Only the lines from the one with "Jeder Anhänger wird" through the final line below belong in the answer, copied exactly and without pictures.

═══ Data ═══

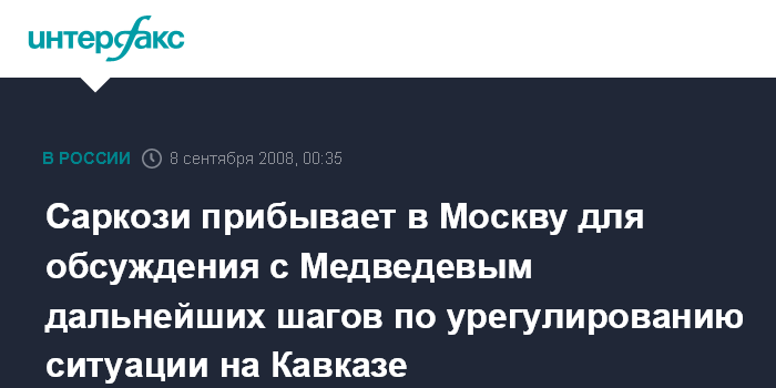 Москва. 8 сентября. ИНТЕРФАКС - Президент Франции Николя Саркози прибывает в понедельник в Москву для переговоров с российским коллегой Дмитрием Медведевым по ситуации вокруг Южной Осетии и Абхазии.
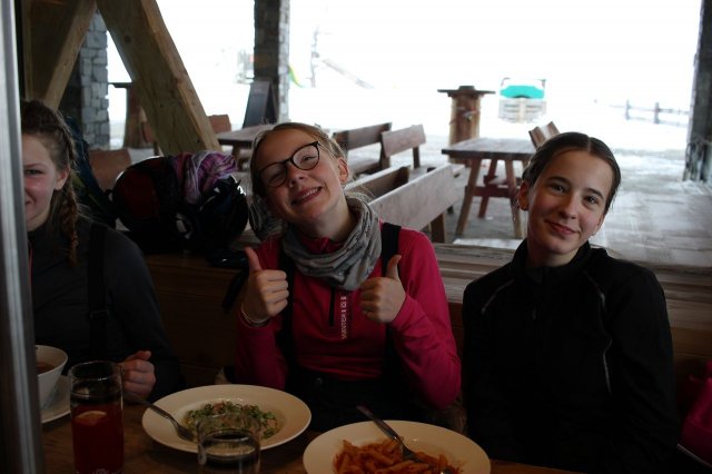 Nach 2-3 Stunden fanden sich die hungrigen Skifahrer*innen zusammen für das ersehnte Mittagessen. Zwischen ein paar Gerichten konnten wir frei entscheiden. Als die Pause vorbei war ging das spannende Abenteuer weiter und die Gruppen separierten sich wieder.
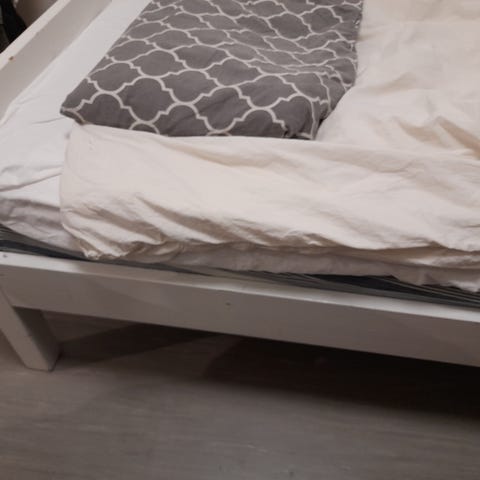 Mummolassa tarpeettomaksi jäänyt Niemen tehtaiden valmistama kerrossänky patjoineen, vaikka seuraavaan mummolaan. Maalattu valkoiseksi. Käytön jälkiä löytyy. Patjat ehjät ja siistit. Toinen hieman iso ja toinen hieman pieni. Sängyn koko n. 65x158 cm. Kokonaiskorkeus 146 cm. Itse tehdyt tikkaat saa tarvittaessa mukaan. Niiden käyttö tietysti omalla vastuulla. En lähetä. Hinta sisältää sängyt ja patjat. Voidaan myydä myös yksi sänky patjoineen 130 €
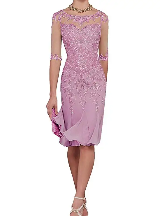 New Half Sleeve Chiffon Mother of The Bride Dresses 2020 Knee Length Mother Formal Dress Party Dinner Prom Gowns robe de soriee
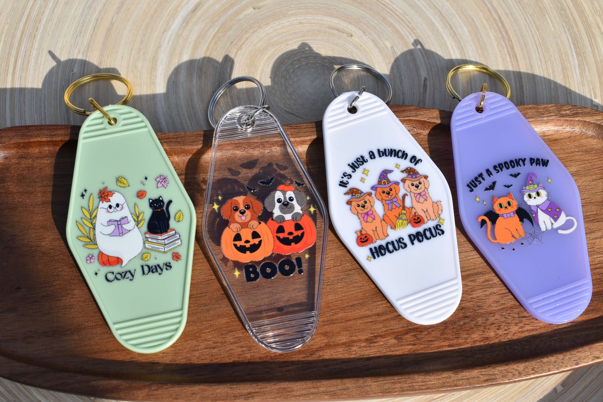Jeder Anhänger wird mit viel Liebe von Hand mit hochwertiger UV-DTF-Folie veredelt. Diese sorgt für brillante Farben, lange Haltbarkeit und eine besonders edle Oberfläche. Ob am Schlüsselbund, an der Handtasche oder am Rucksack - diese liebevoll gestalteten Anhänger bringen eine Portion Gemütlichkeit und Halloween-Flair in deinen Alltag.
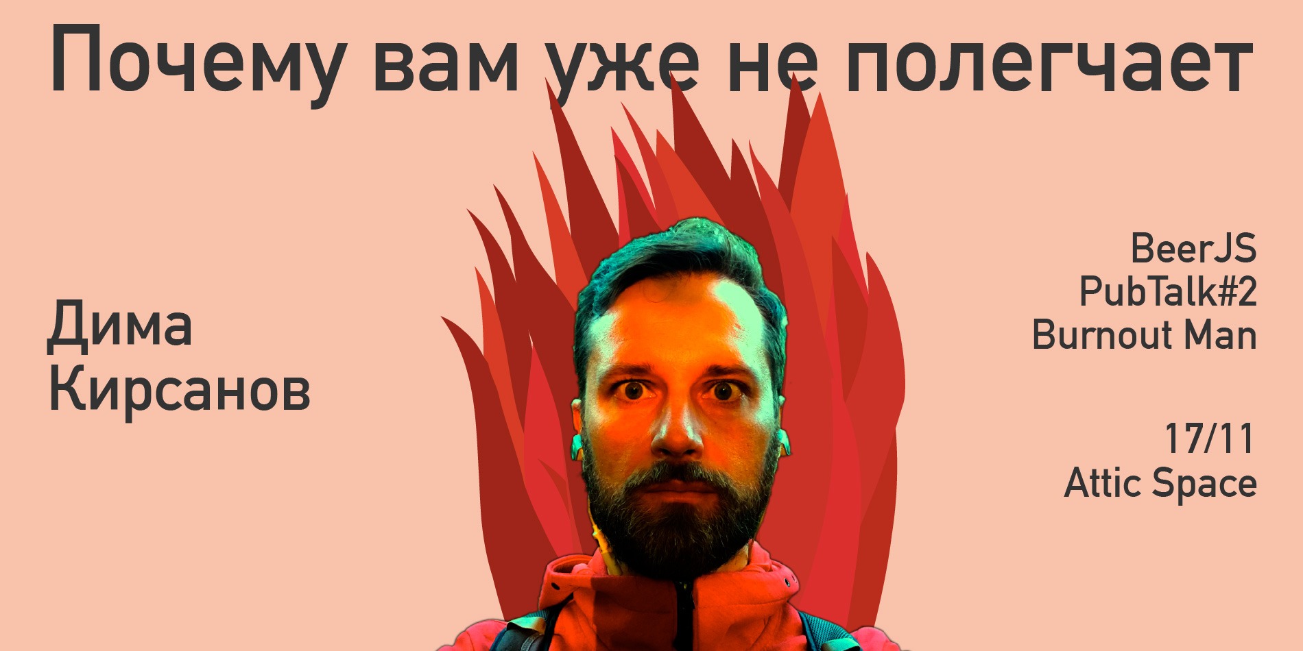 Илья создал одни из самых лучших онлайн курсов JavaScript.Ninja - Всё будет JavaScript и комьюнити вокруг этого, финансируя все через патреон. И с тех пор все больше тратит времени на обучение людей. Возможно от выгорания его спасает именно это. А может и не спасает, и он продолжает гореть и освещать дорогу знаний своим ученикам. Но лучше он сам вам расскажет на нашем ивенте.

═══

### Response
Jeder Anhänger wird mit viel Liebe von Hand mit hochwertiger UV-DTF-Folie veredelt. Diese sorgt für brillante Farben, lange Haltbarkeit und eine besonders edle Oberfläche. Ob am Schlüsselbund, an der Handtasche oder am Rucksack - diese liebevoll gestalteten Anhänger bringen eine Portion Gemütlichkeit und Halloween-Flair in deinen Alltag.
 Илья создал одни из самых лучших онлайн курсов JavaScript.Ninja - Всё будет JavaScript и комьюнити вокруг этого, финансируя все через патреон. И с тех пор все больше тратит времени на обучение людей. Возможно от выгорания его спасает именно это. А может и не спасает, и он продолжает гореть и освещать дорогу знаний своим ученикам. Но лучше он сам вам расскажет на нашем ивенте.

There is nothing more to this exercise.